How Formula 1 Expertise Is Shaping Our New Family of Electric Vehicles



Up until the early 1970s, the automotive industry followed a single path for gas vehicles: More power meant a bigger engine, resulting in more weight, more cost, and, in most cases, worse fuel efficiency.
But then came the fuel crisis in the mid-1970s, which resulted in an innovative new device that could deliver both power and the fuel efficiency customers were suddenly demanding — the turbocharger. While the first automotive applications appeared in 1962 for racing, the technology truly began its journey toward the mainstream in 1973 with the debut of the BMW 2002 Turbo, proving that smaller engines could punch well above their weight.
It seemed to defy physics — using a new device that turned wasted energy into power for more compression to make a smaller engine behave like a much larger one. In 2011, Ford introduced its version of the turbo, EcoBoost, on the F-150 pickup truck in the U.S. Ford’s bet was that turbos would redefine the industry, including the F-150, even as others were skeptical of customer adoption.
Sales skyrocketed, and the industry followed suit: Now, nearly 75% of F-150 trucks are sold with turbocharged engines,1 and nearly all our gas-powered vehicles offer it.
Today, the industry faces a similar challenge with electric vehicles, where the engineering solution for range anxiety has mostly been to increase the size of the battery in the vehicle. But the battery is the most crucial component to tackle affordability because it accounts for somewhere around 40% of the vehicle’s total cost and upwards of 25% of its total weight.
Just like when automakers simply made bigger engines, adding more battery makes the vehicle heavier, more expensive, and creates a massive physics challenge.
Our big bet for electric vehicles? Obsessing over the vehicle as a system to get more miles out of a smaller battery and radically simplifying the system to reduce the number of parts so we can deliver a new family of affordable electric vehicles to driveways around the world.
Affordability is not a marketing tagline for us. To truly make vehicles built on this platform affordable, starting with a mid-size electric truck, we needed to hunt down the cost opportunities.
We started by creating a team within the skunkworks operation, tasked with developing range, efficiency, and performance metrics for priorities such as weight, drag and rolling resistance, and ultimately battery size. That team armed every engineer with a new way of evaluating tradeoffs — we call them bounties.
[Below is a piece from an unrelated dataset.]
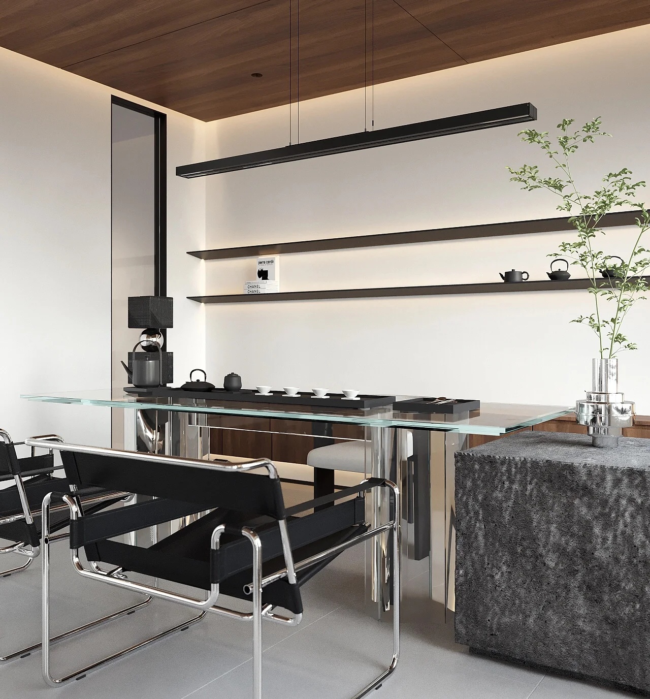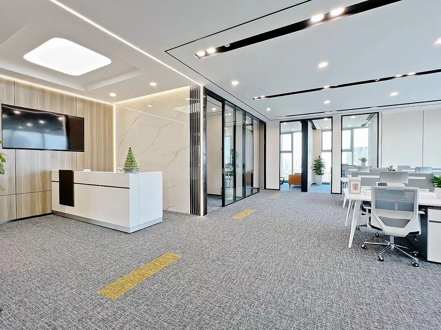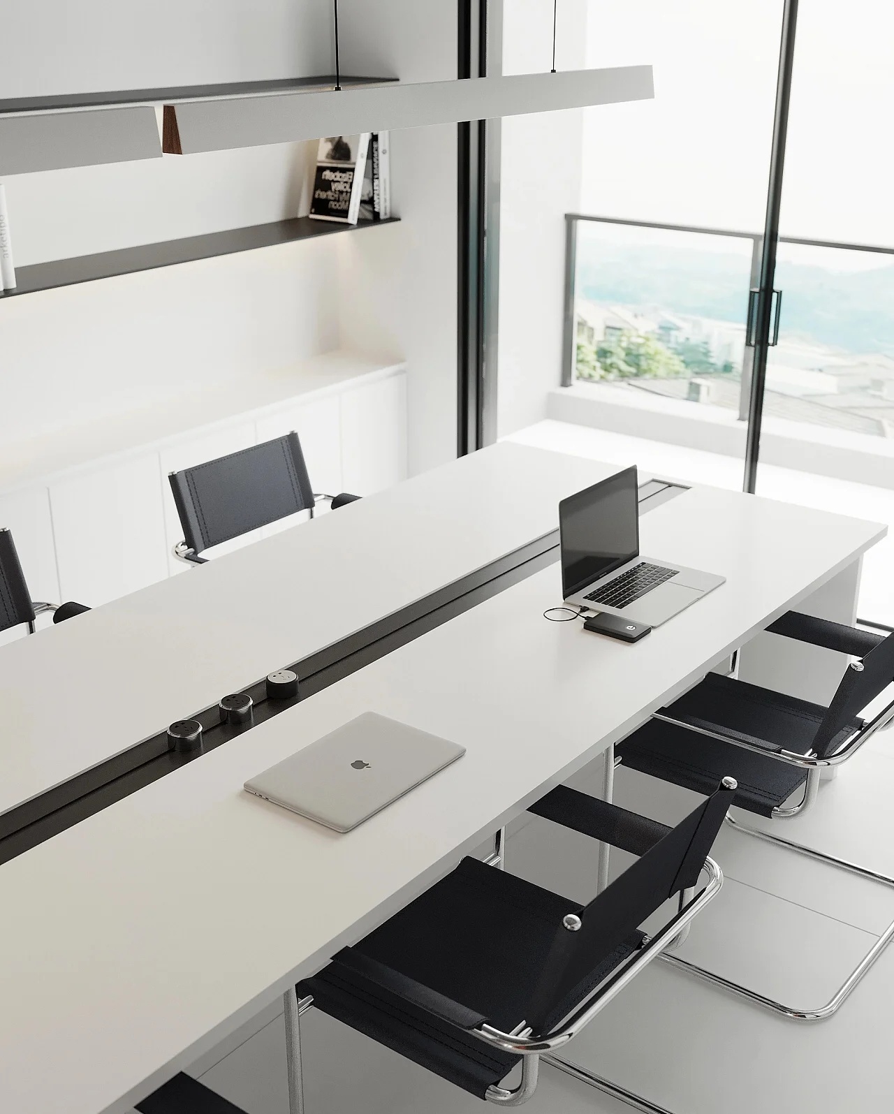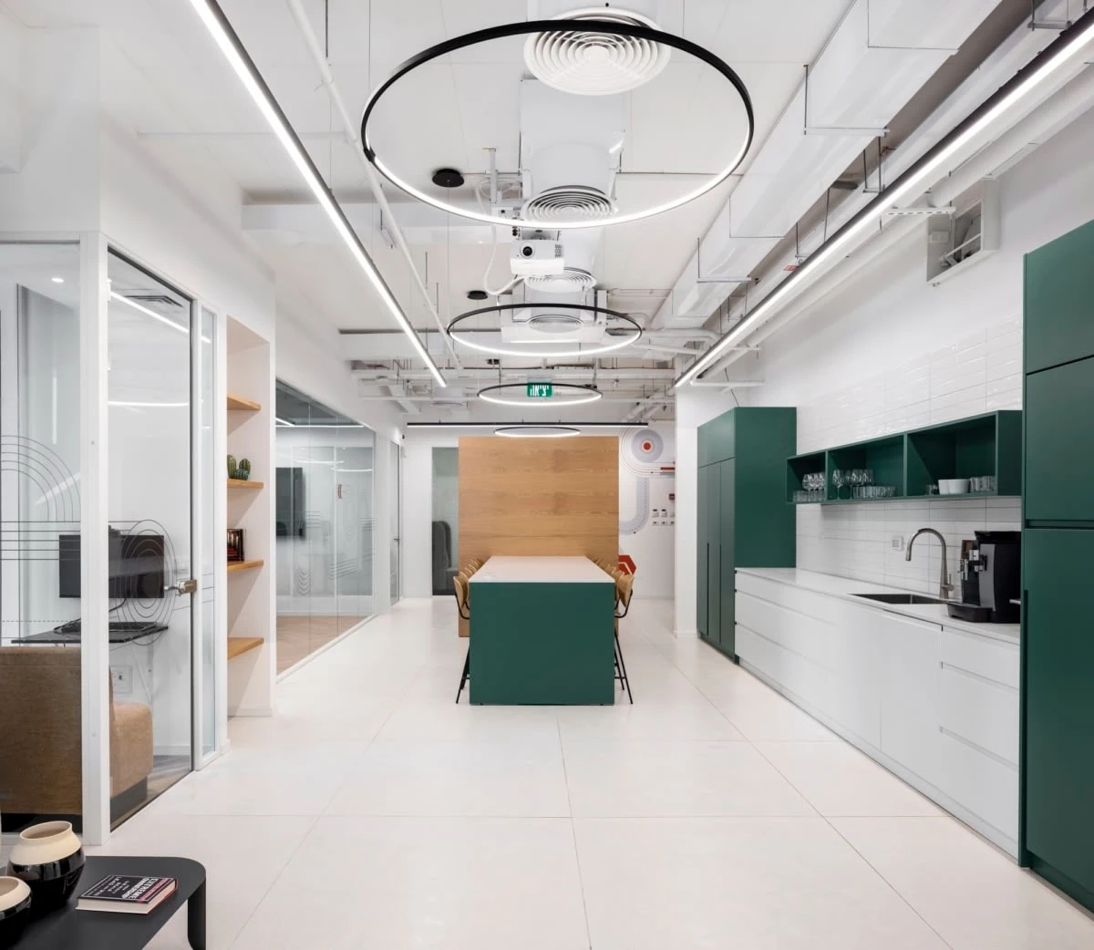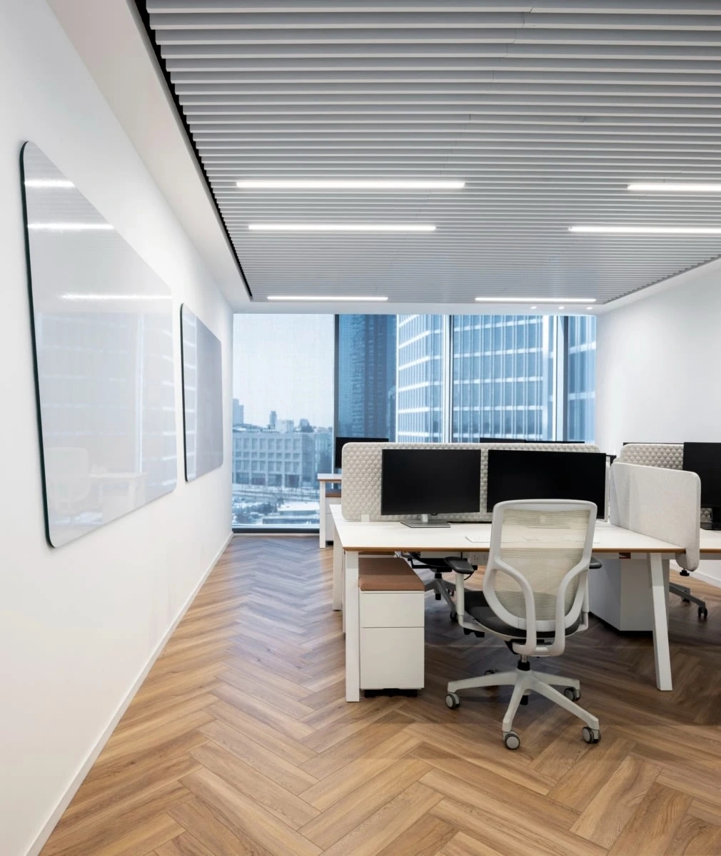 设计师选择了克制的调色板和简单、永恒的材料,创造了凝聚力和复杂氛围,既平静又充满活力的工作环境。设计师根据公司的品牌书选择了一个简单的方案,偶尔使用天然木材。这创造了一种宁静而鼓舞人心的氛围,并有助于突出建筑的精确几何形状和干净的线条。整个空间使用的材料都是耐用和高品质的,但也不引人注目,创造了一种既实用又美观的低调奢华感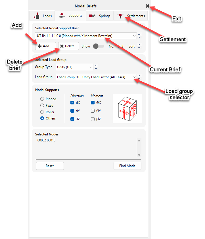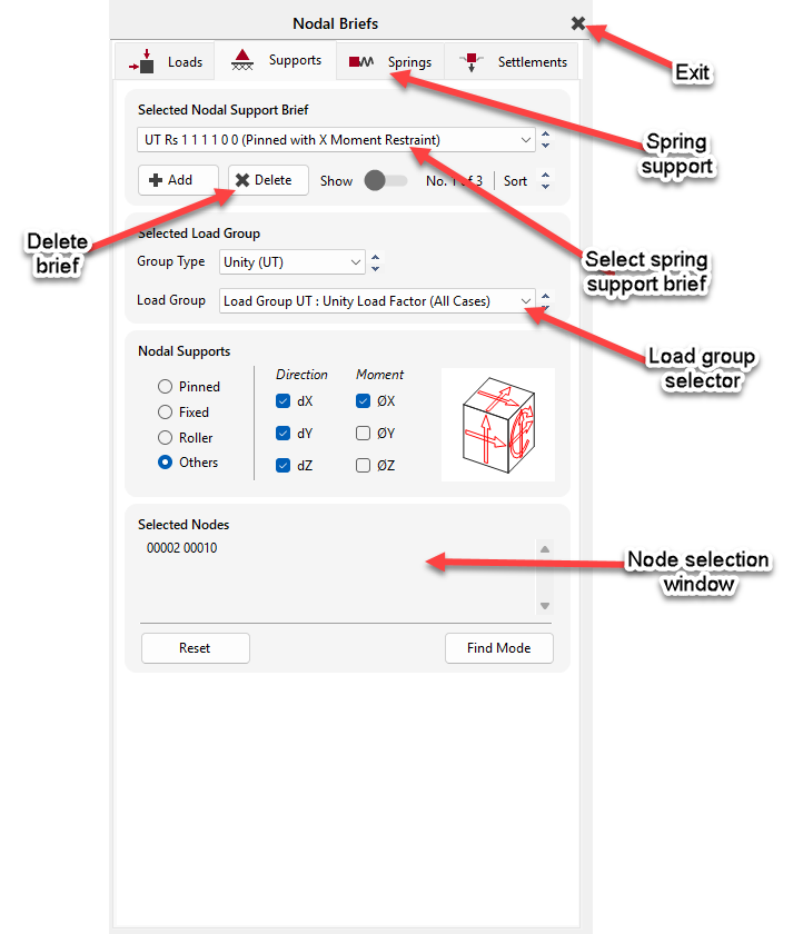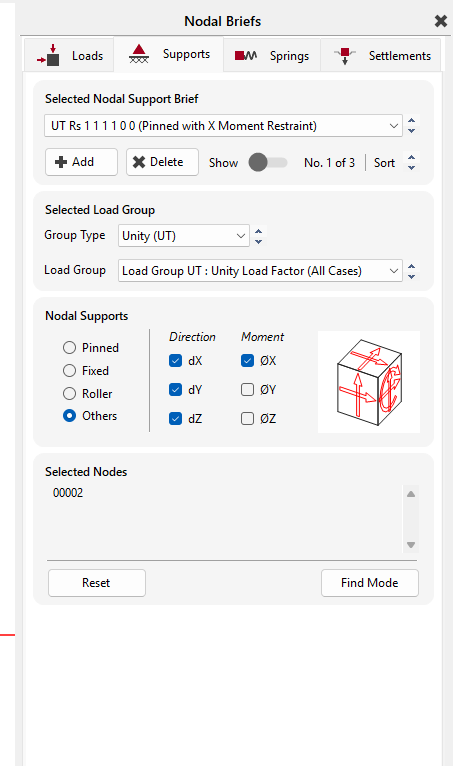 Each of the Nodal Static Support, Nodal Spring Support and Nodal Support Settlements functions open a common interface, where each type of nodal support can be accessed, defined and applied to the model. For each support type, different types of restraint can be defined to give different support conditions, to be applied either to different nodes, or, supports can be defined to apply to particular loadcases. so, it is possible to have different support conditions apply to the same node, with the support type determined per loadcase.

Historically, engineers in traditional automotive companies can be siloed in departments that match the component or system they are assigned to. They’re expected to advocate for the part they are working on while decreasing its cost, often without the context of understanding how it impacts the customer’s experience or performance of the vehicle.
For example, the aerodynamics team always wants a lower roof for less aerodynamic drag; the occupant package team wants a higher roof for more headroom, while the interiors team wants to decrease the cabin size to reduce the cost. Usually, these groups negotiate until they find a middle ground, one that inevitably ends in a tradeoff led by yet another department tasked with making tradeoffs on behalf of the customer.
Bounties change the negotiation, making the true cost of a tradeoff much clearer by connecting it to a specific value tied to the range and battery cost. Now, the aerodynamics team and interior team share the same goal, and both understood that adding even 1mm to the roof height would mean $1.30 in additional battery cost or .055 miles of range. With bounties, each team has a common objective to maximize range while decreasing battery cost — a direct linkage to giving our customers more.
This is just one example of countless bounties our team focused on. When we met targets, we would set more difficult ones to challenge ourselves further. One of these areas was our energy management system.

An electrical architecture is the blueprint for how power and signals move through a product — what connects to what, how everything is controlled, and how it all works together reliably. Power conversion within an electric vehicle platform can account for a surprising amount of wasted energy in a vehicle while charging or even taking energy from the 400V battery and converting it to 48V for the low-voltage devices.
More importantly, it’s often segregated into functions that get sourced to external suppliers, each with their own enclosures, fasteners, and connecters, which drives high costs and excess weight into the platform.
So in 2023, we moved our high-voltage power electronics architecture and design for this platform in-house. With the acquisition of Auto Motive Power, or AMP, talented engineers joined our team with experience, pushing the limits of power conversion and energy management for numerous global electric vehicles already on the market today.
For the first time, customers will experience a fully electric vehicle charging ecosystem designed in-house by Ford using our own software. That means the hardware in the vehicle, including the bi-directional charging capabilities, comes from a team directly integrated into the one working on the platform and vehicle products. Customers will benefit from improvements that decrease the amount of time waiting around for the battery to charge, maximize the lifespan of the battery, and decreases in total cost of ownership.
The team’s work has had profound improvements beyond just developing Ford’s first 48-volt low-voltage system. In fact, this new hardware and software have played a key role in making the mid-size electric truck's wire harness 4,000 feet shorter and 22 pounds lighter than one of our first-gen electric vehicles.

We know there will be skeptics, just like there were when Ford introduced the turbo on the F-150. Other companies will claim that they've tried much of this before. But physics isn’t proprietary. We're creating a truly integrated electric vehicle platform, not a single part that can be easily copied.
If we succeed, we will have a family of vehicles that we expect to compete on price with the best in the world, including gas vehicles. There’s still a lot of work to do, but we’re making progress, and we can’t wait to share more soon.
Alan Clarke is executive director of Advanced EV Development at Ford.
1Based on 2025 CY industry-reported total sales of F-150® EcoBoost® V6 engines and F-150® 3.5L PowerBoost® Full Hybrid V6 engine vehicles.
We are utilizing a true systems engineering approach across design, product development, software engineering, supply chain and manufacturing. This collaborative effort completely rethinks vehicle production, with every decision centered on reducing battery size and delivering more value for money to customers.
We are moving to a zonal architecture where multiple vehicle functions are integrated into a small number of modules. This is a significant shift from conventional vehicles, which typically use over 30 scattered Electronic Control Units (ECUs) from various suppliers, leading to complex wiring, weight, and higher manufacturing costs.
Our platform combines functions into 5 main modules, substantially reducing the wiring harness’s cost and complexity. We also transitioned from a 12-volt system to a 48-volt system, which allows for thinner copper wires. These changes collectively made the mid-size electric truck’s wire harness 4,000 feet shorter and 22 pounds lighter than one of our first-generation electric vehicles, recognizing that weight is a major problem for efficiency. We are also using higher speed ethernet to allow our modules to communicate effectively and properly distribute edge computation.